Sorenson parkte hinter dem zweiten Streifenwagen und stieg aus. Sie war eine große Frau, offensichtlich skandinavischer Herkunft, eher attraktiv als hübsch, mit langem aschblondem Haar, dessen Farbe ein wenig aufgehellt zu sein schien. Zu ihrer schwarzen Hose trug sie eine schwarze Jacke mit einer blauen Bluse darunter. Sie hatte feste schwarze Schuhe an den Füßen und eine birnenförmige Umhängetasche über der Schulter. Darin transportierte sie ihre ganzen Sachen außer ihrer Pistole, die an der linken Hüfte hing, und dem Lederetui mit ihrer Plakette, das in einer Hosentasche steckte.

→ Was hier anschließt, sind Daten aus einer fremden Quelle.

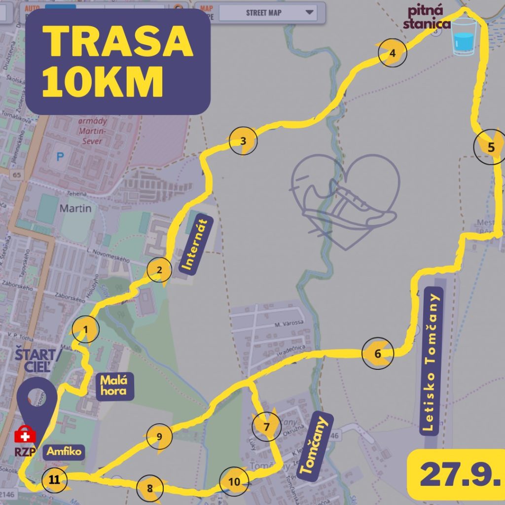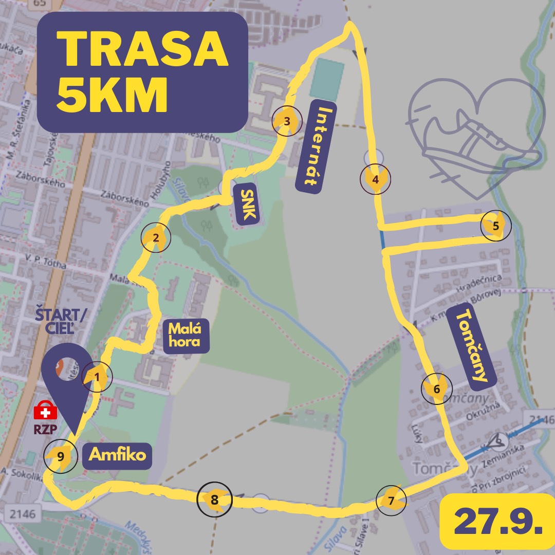 Trasa sa začína pri Amfiku. Povedie okolo dekanátu Jesseniovej lekárskej fakulty, Slovenskej národnej knižnice, horného vysokoškolského internátu a futbalového ihriska. Následne odbočíte na poľnú cestu, kde vás čaká kríženie potoka, pitná stanica a malinové sady. Ďalej sa pobeží mestskou bôrovou, cez Tomčany, po cyklotrase a do cieľa.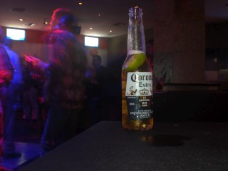 | My late night dinner: Corona Extra - Fruits and Beef Jerkyo |

Sie zog das Etui heraus, klappte es auf und ging damit auf den Sheriff zu. Er war etwa zwanzig Jahre älter als sie, ziemlich muskulös, aber nicht groß – ähnlich wie ein Footballspieler. Für einen alten Mann nicht schlecht. Über seinem Uniformhemd trug er eine Winterjacke. Keine Handschuhe, obwohl die Nacht kalt war. Sie gaben sich die Hand und standen dann sekundenlang schweigend vor dem Betonbunker, als überlegten sie, wo sie anfangen sollten.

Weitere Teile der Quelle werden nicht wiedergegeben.